WHAT YOU SHOULD DO:
The reply must contain exactly the lines below from the one with "Festive Nutcracker Christmas" down to the one with "大雨過(guò)后,多地出現", both included, and nothing more; please omit the pictures.

SUPPLIED ENTRIES:
[Start of section]
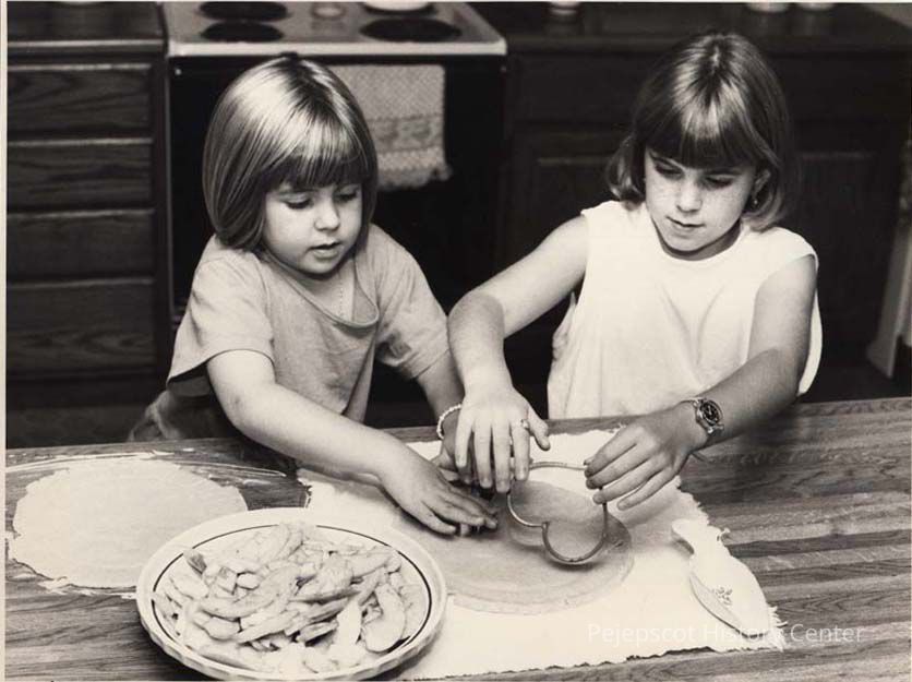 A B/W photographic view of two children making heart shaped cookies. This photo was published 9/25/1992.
[End of section]
[Start of section]
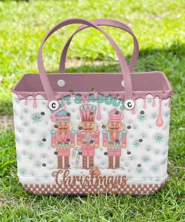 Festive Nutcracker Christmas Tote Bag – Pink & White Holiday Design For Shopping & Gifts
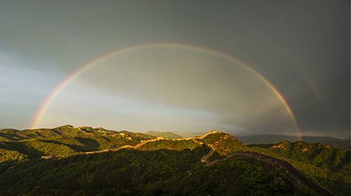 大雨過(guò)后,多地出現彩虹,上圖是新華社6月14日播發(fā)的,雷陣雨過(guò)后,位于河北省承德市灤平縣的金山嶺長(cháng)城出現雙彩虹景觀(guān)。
[End of section]
YOUR SOLUTION:
 Festive Nutcracker Christmas Tote Bag – Pink & White Holiday Design For Shopping & Gifts
 大雨過(guò)后,多地出現彩虹,上圖是新華社6月14日播發(fā)的,雷陣雨過(guò)后,位于河北省承德市灤平縣的金山嶺長(cháng)城出現雙彩虹景觀(guān)。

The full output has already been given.